FLEETCOR Technologies, Inc. Amended and Restated 2010 Equity Compensation Plan, Key Employee Performance-Based Stock Option Amended Certification to Ronald F. Clarke, dated October 23, 2024

EX-10.2 3 ex102amendmenttooptionagre.htm EX-10.2 Document

FIRST AMENDMENT TO
KEY EMPLOYEE PERFORMANCE-BASED STOCK OPTION CERTIFICATE
    This FIRST AMENDMENT TO KEY EMPLOYEE PERFORMANCE-BASED STOCK OPTION CERTIFICATE (this “Amendment”) is entered into by and between Corpay, Inc., a Delaware corporation (f/k/a FLEETCOR Technologies, Inc.) (the “Company”), and Ronald F. Clarke (“Key Employee”), and hereby amends the Key Employee Performance-Based Stock Option Certificate dated October 5, 2021, relating to an award of 850,000 Option Shares (as defined therein) with a grant date of September 30, 2021, by and between the Company and Key Employee (the “Option Certificate”).
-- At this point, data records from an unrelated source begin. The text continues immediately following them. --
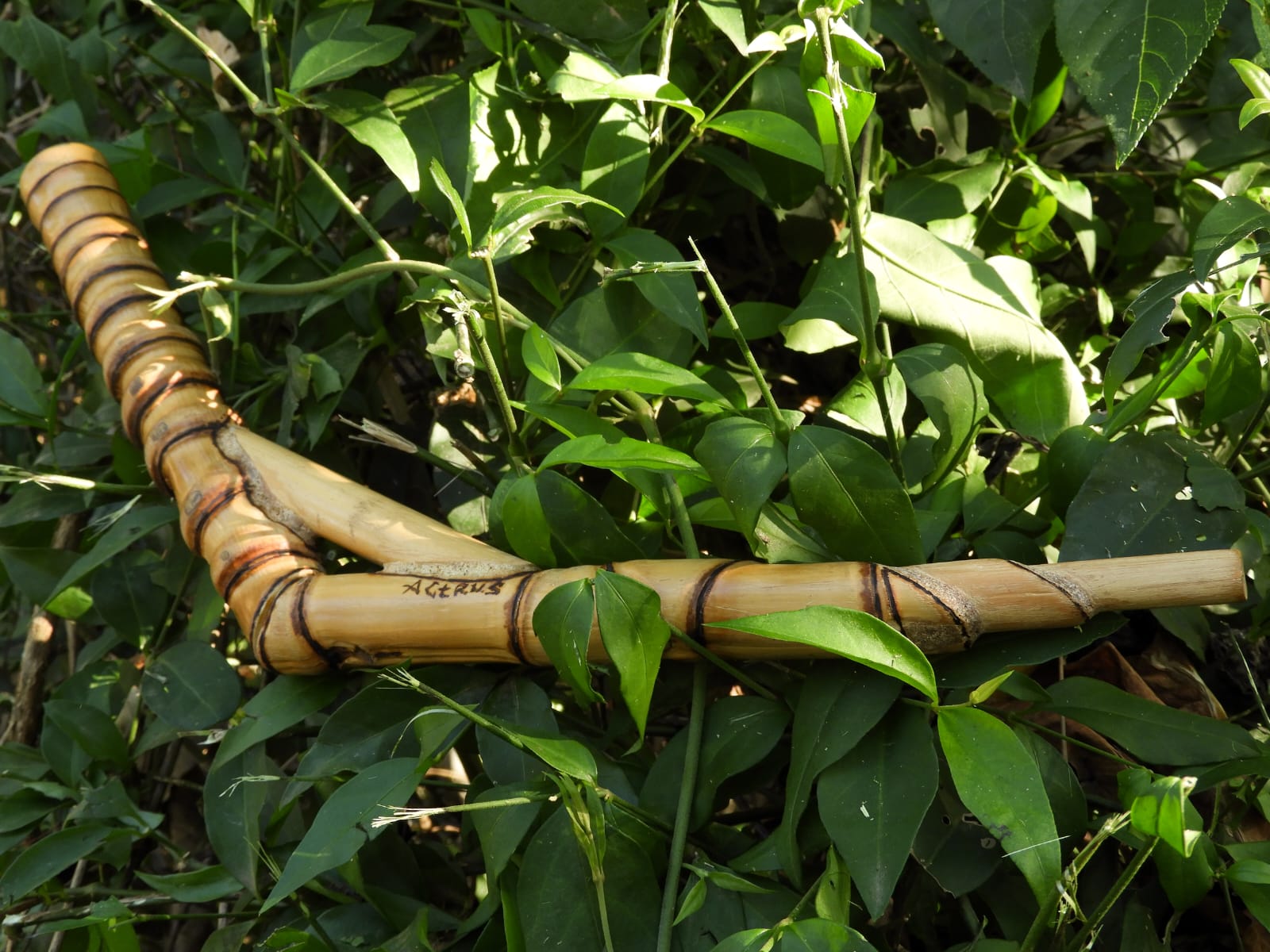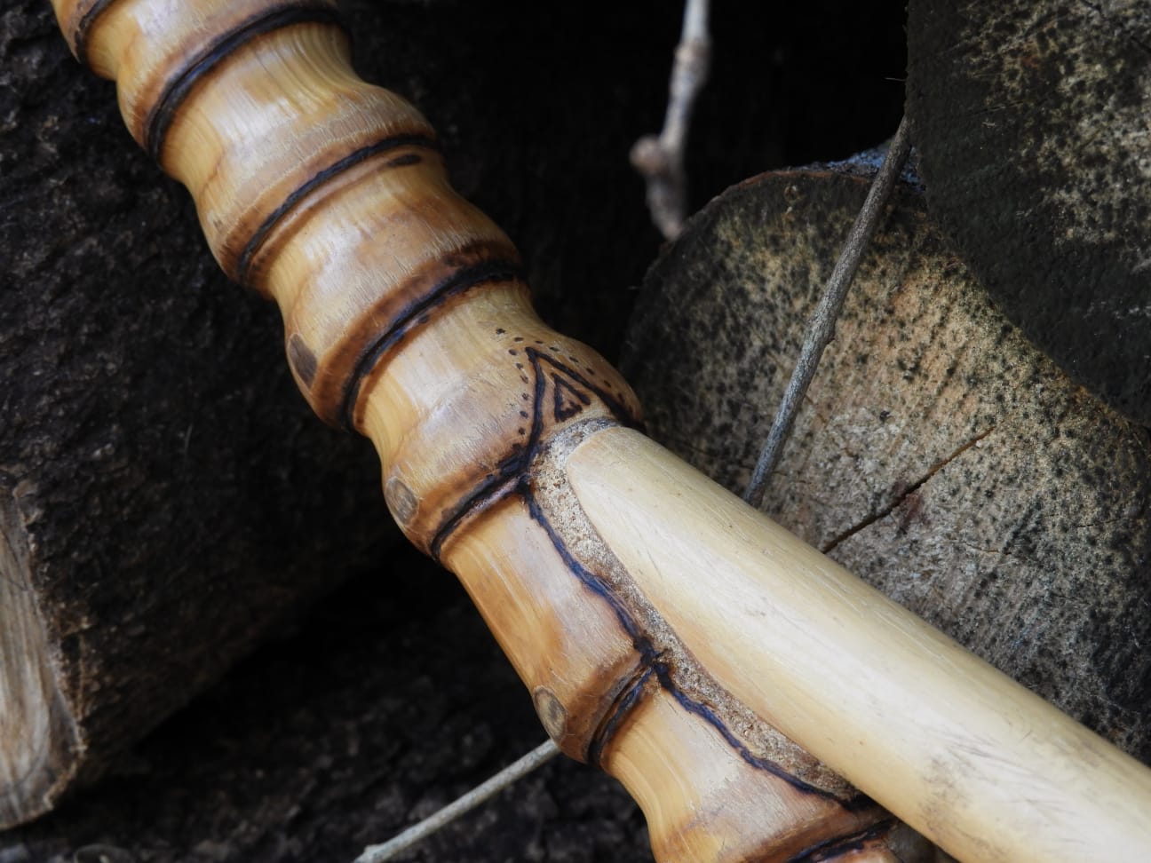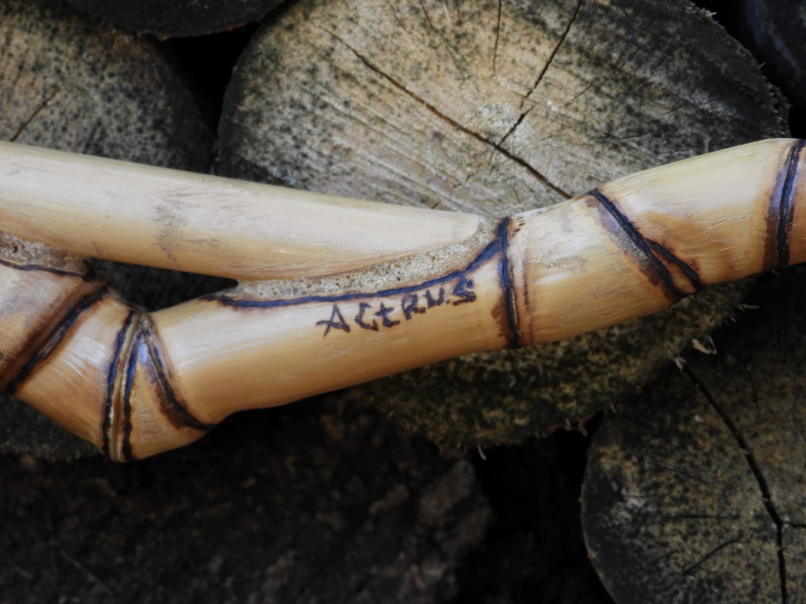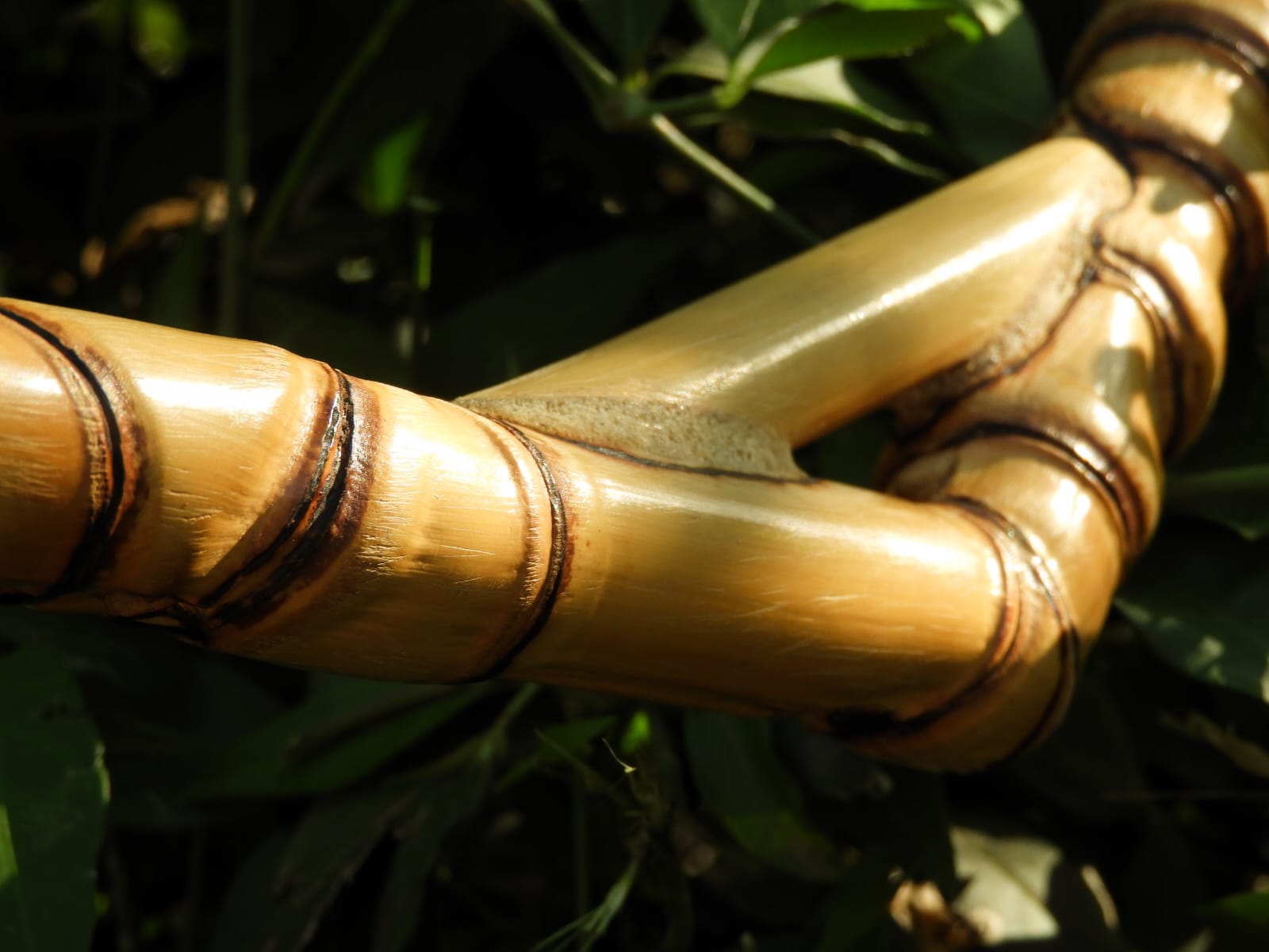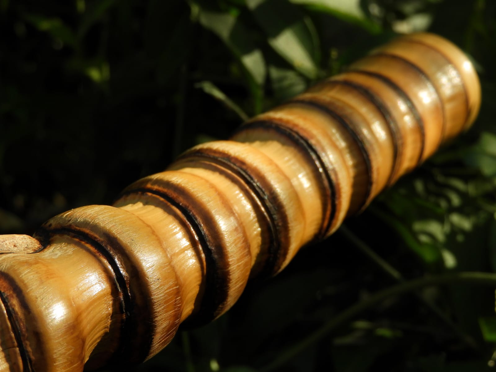 Tepi feito com bambu tratado e detalhes feitos em pirografia.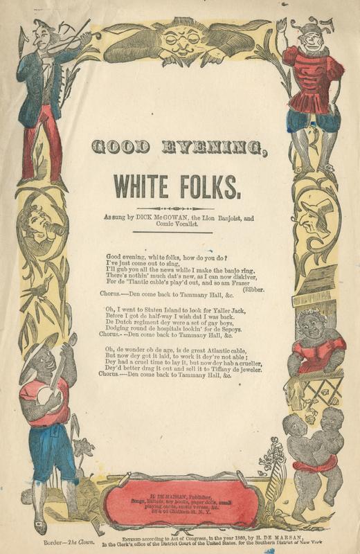 Good evening white folks, how do you do (3 vs. and chor.) As sung by Dick McGowan, the Lion Banjoist, and Comic Vocalist; publ. De Marsan (2). De Marsan clown border, col.; cop: 1860, H. De Mar- san SDN.Y. 26.2 x 16 cm.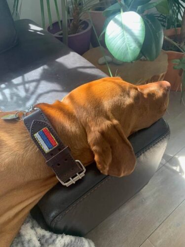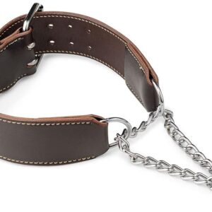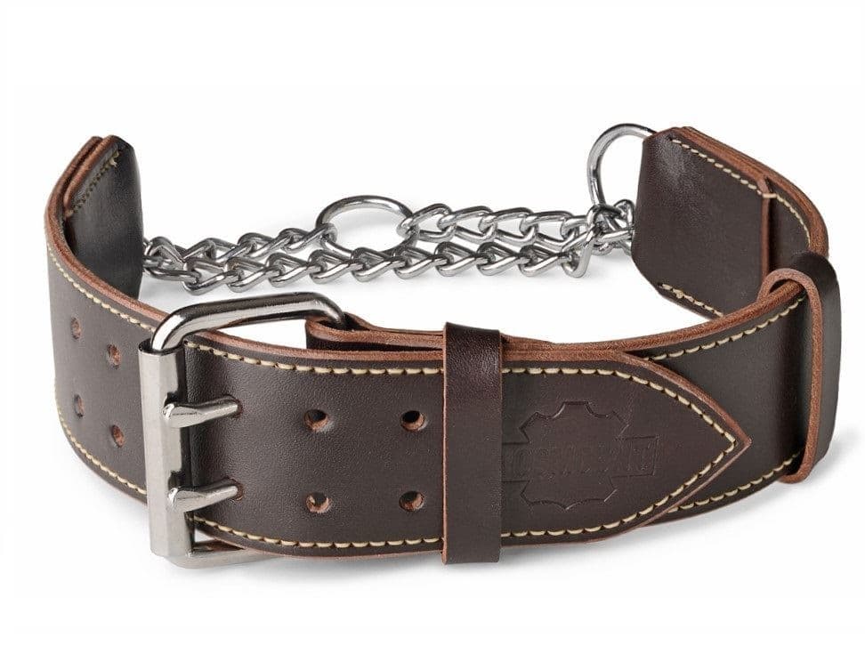 Hnědý ručně vyrobený dvouvrstvý martingale obojek pro psy s prošitím bude jako polostahovací obojek Vaším skvělým pomocníkem nejen pro výcvik pejska, své uplatnění najde i pejsků, kteří mají stejně široký nebo širší krk než hlavu. Příkladem mohou být chrti, ohaři apod. Konfigurace martingale obojku nabízí široké možnosti personalizace.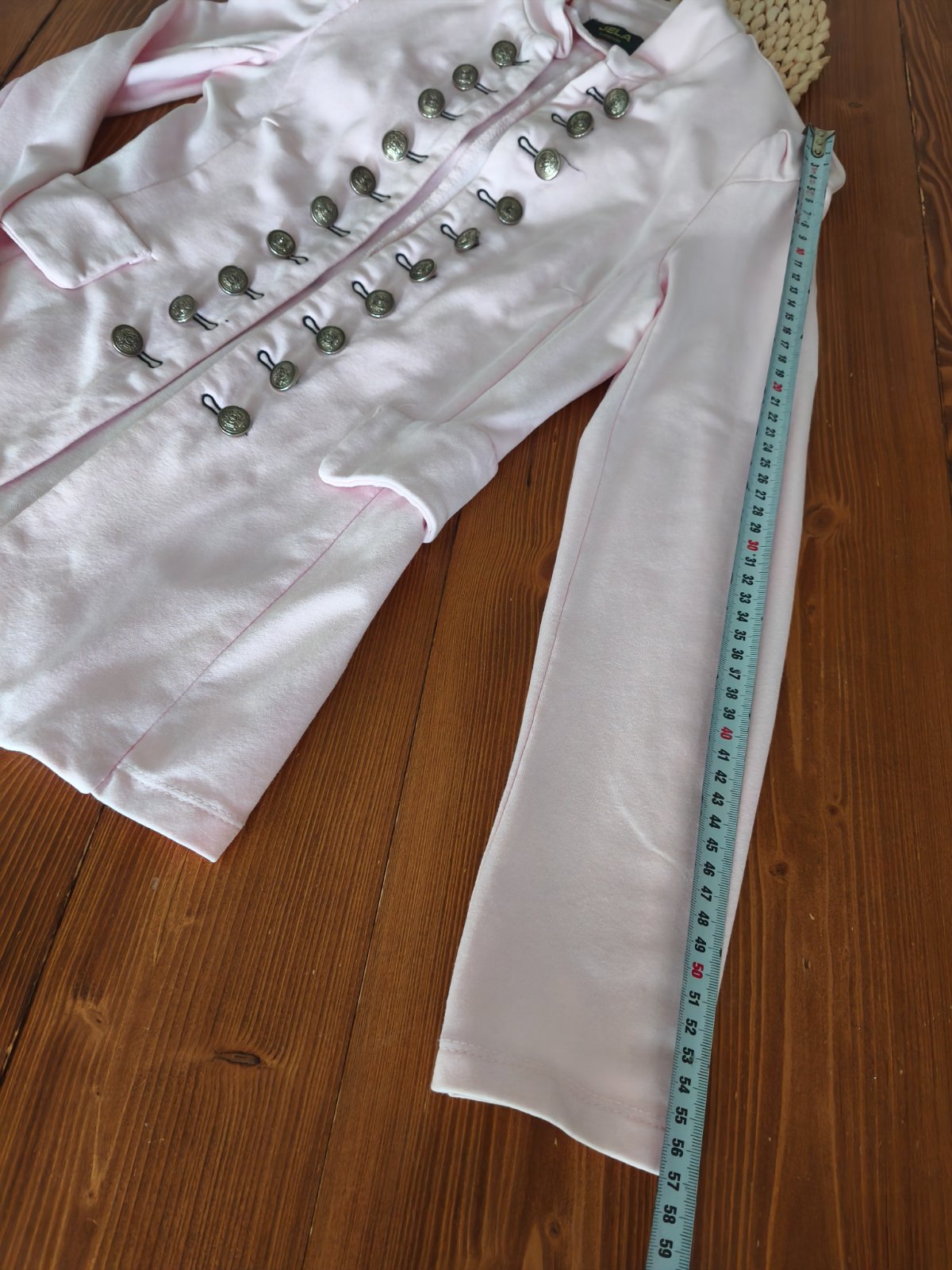 Velmi pekne sako, malo nosene :) Dlzka rukava 59cm a dlzka rukava od podpazusia 44cm... celkova dlzka od pleca je 56cm... sirka merana pod podpazusim 41cm x 2 sacko je mierne elasticke

Words and phrases used herein with initial capital letters that are defined in the Option Certificate are used herein as so defined.
The Company and Key Employee agree, effective as of October 23, 2024 (the “Amendment Effective Date”), as follows:
1. Amendment to First Tranche of Option. The Option Certificate is hereby amended to provide that the Stock Price Hurdle with respect to the First Tranche of the Option will be achieved if the applicable hurdle is met or exceeded for 3 trading days. Accordingly:
§ 1(b)(i)(B) of Exhibit B of the Option Certificate is hereby amended by replacing the words “10-consecutive-trading-day period” with the words “3 trading days”;
§ 1(b)(i)(B) of Exhibit B of the Option Certificate is further amended by replacing the words “has exceeded” with the words “has equaled or exceeded”; and
§ 1(c)(i) of Exhibit B of the Option Certificate is hereby amended by replacing the words “10-consecutive-trading-day period stock price hurdle of $350” with the words “3 trading days stock price hurdle of $350”.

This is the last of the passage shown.